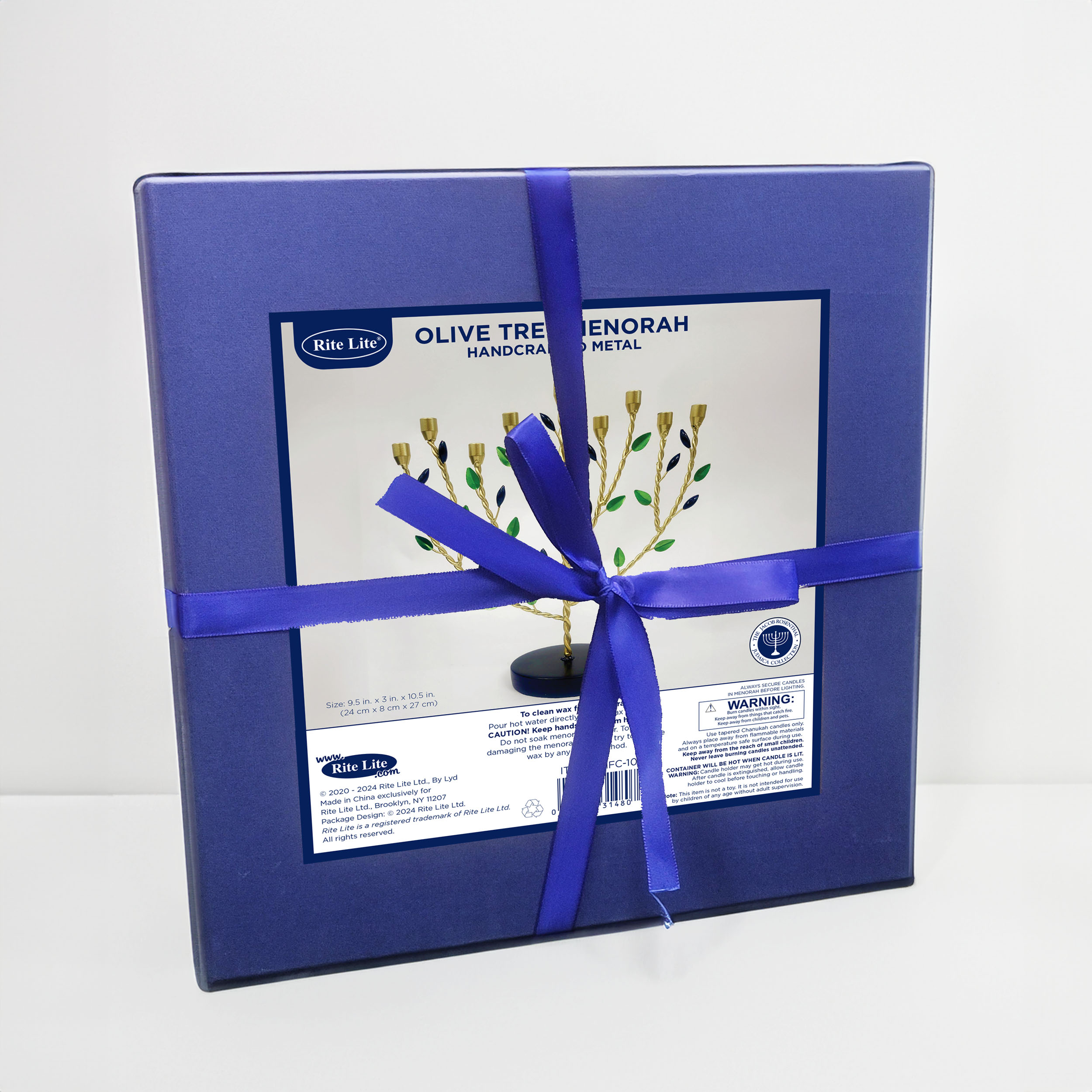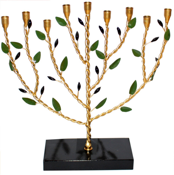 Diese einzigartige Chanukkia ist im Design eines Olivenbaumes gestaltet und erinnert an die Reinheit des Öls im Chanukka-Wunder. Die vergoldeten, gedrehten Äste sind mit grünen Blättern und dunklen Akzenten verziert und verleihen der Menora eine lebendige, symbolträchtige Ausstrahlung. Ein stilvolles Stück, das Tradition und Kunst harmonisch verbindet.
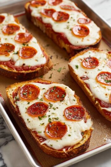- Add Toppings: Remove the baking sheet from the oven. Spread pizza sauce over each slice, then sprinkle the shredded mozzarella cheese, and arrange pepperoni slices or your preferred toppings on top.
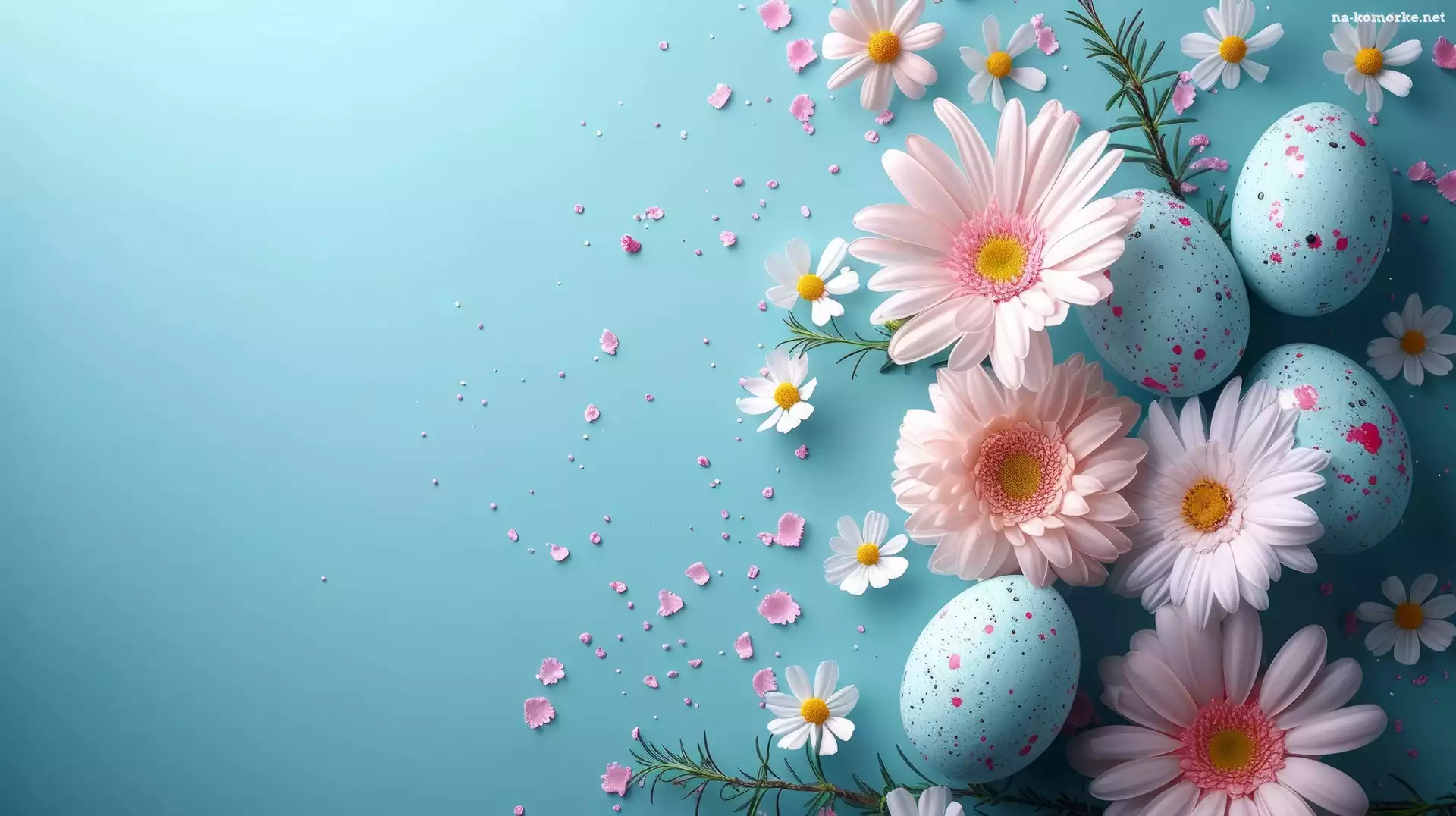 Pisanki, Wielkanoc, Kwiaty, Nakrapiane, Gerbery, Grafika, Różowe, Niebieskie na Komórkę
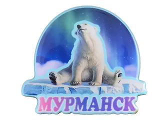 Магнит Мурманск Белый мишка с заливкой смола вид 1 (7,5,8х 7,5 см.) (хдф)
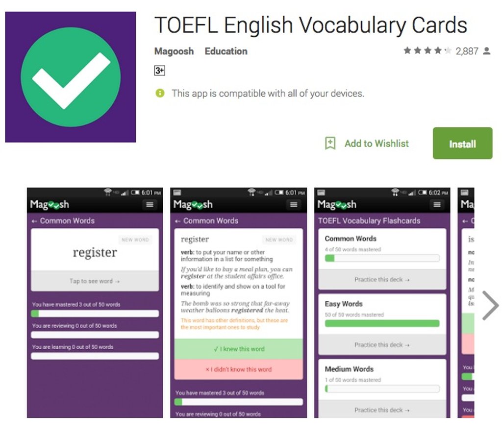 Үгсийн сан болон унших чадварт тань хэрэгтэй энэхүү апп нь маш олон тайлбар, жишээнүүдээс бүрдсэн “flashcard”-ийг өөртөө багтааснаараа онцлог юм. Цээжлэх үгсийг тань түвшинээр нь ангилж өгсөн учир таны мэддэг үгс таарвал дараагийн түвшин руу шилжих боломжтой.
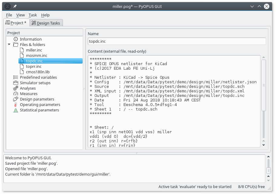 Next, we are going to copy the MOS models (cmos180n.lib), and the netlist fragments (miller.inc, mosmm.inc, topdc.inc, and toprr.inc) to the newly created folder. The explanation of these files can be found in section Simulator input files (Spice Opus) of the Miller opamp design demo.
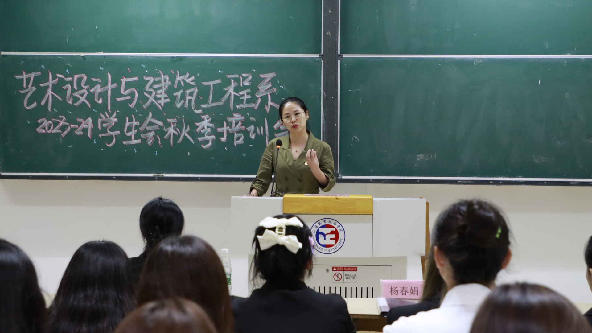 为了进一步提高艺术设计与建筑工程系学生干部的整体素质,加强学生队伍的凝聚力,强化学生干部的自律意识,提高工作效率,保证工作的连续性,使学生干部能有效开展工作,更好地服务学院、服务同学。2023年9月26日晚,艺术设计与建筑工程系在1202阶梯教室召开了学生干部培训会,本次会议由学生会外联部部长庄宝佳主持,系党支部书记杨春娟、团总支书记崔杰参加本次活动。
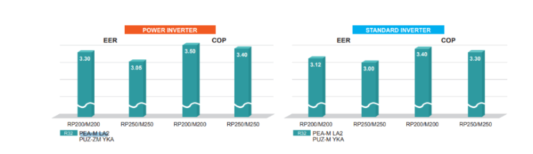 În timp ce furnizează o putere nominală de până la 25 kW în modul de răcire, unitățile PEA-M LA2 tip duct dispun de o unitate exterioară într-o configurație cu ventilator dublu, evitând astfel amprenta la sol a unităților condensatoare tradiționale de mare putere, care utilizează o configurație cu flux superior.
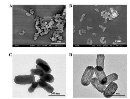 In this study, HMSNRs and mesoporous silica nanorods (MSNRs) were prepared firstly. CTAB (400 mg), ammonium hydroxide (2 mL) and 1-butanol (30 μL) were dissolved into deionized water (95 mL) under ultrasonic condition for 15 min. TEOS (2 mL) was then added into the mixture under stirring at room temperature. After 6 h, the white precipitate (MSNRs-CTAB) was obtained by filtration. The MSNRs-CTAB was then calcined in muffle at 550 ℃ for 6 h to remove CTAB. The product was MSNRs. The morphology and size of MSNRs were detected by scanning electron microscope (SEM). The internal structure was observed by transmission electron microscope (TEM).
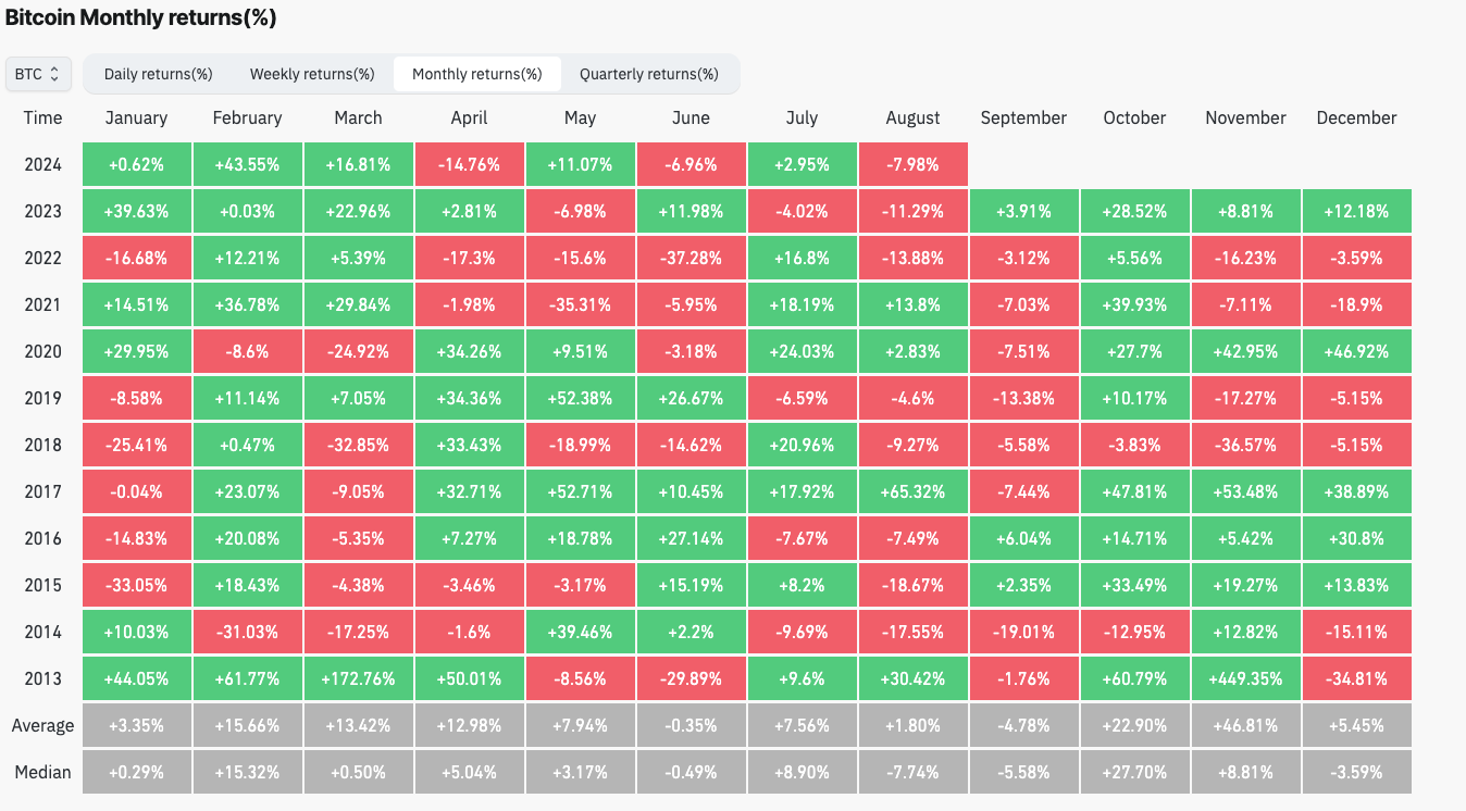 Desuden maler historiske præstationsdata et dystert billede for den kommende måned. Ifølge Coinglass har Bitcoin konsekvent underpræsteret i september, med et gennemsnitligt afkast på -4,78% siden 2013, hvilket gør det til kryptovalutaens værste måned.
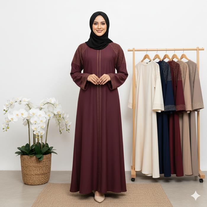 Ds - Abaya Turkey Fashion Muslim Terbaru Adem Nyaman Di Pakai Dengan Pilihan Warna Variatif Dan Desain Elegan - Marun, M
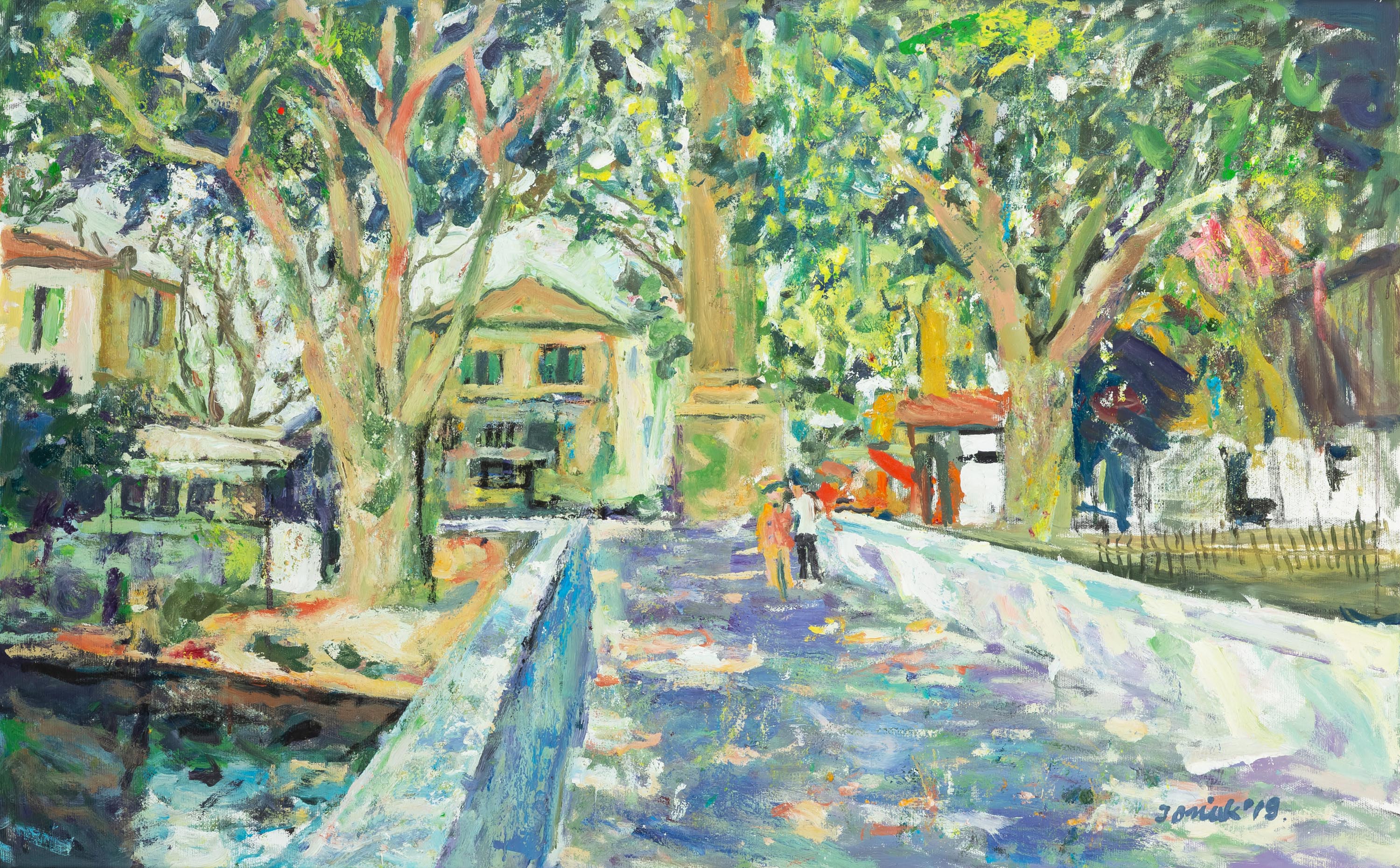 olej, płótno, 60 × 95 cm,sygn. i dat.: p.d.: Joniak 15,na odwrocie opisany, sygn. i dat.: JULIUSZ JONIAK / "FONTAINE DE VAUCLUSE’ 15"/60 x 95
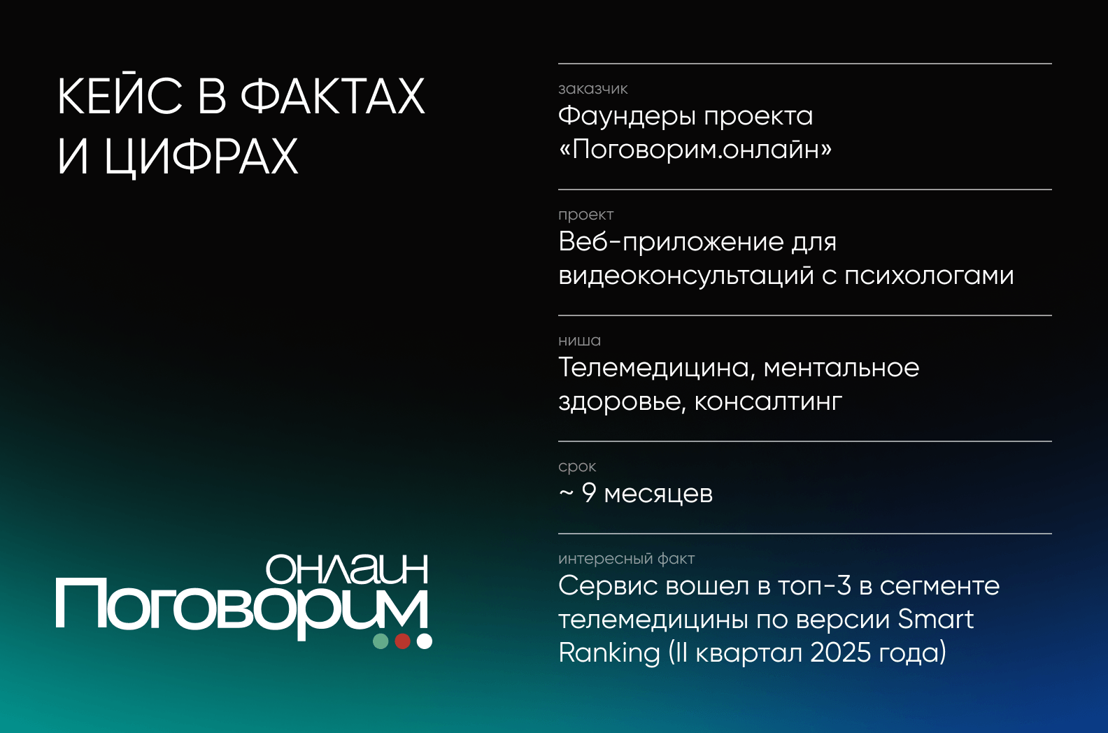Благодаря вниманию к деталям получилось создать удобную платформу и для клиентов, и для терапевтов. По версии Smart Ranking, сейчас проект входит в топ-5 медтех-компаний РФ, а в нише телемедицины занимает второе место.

##########

## Activity
Omit the pictures. Print, word for word, the lines from the beginning of the entries above through the line that holds "Магнит Мурманск Белый".

## Solution for this problem
 Diese einzigartige Chanukkia ist im Design eines Olivenbaumes gestaltet und erinnert an die Reinheit des Öls im Chanukka-Wunder. Die vergoldeten, gedrehten Äste sind mit grünen Blättern und dunklen Akzenten verziert und verleihen der Menora eine lebendige, symbolträchtige Ausstrahlung. Ein stilvolles Stück, das Tradition und Kunst harmonisch verbindet.
- Add Toppings: Remove the baking sheet from the oven. Spread pizza sauce over each slice, then sprinkle the shredded mozzarella cheese, and arrange pepperoni slices or your preferred toppings on top.
 Pisanki, Wielkanoc, Kwiaty, Nakrapiane, Gerbery, Grafika, Różowe, Niebieskie na Komórkę
 Магнит Мурманск Белый мишка с заливкой смола вид 1 (7,5,8х 7,5 см.) (хдф)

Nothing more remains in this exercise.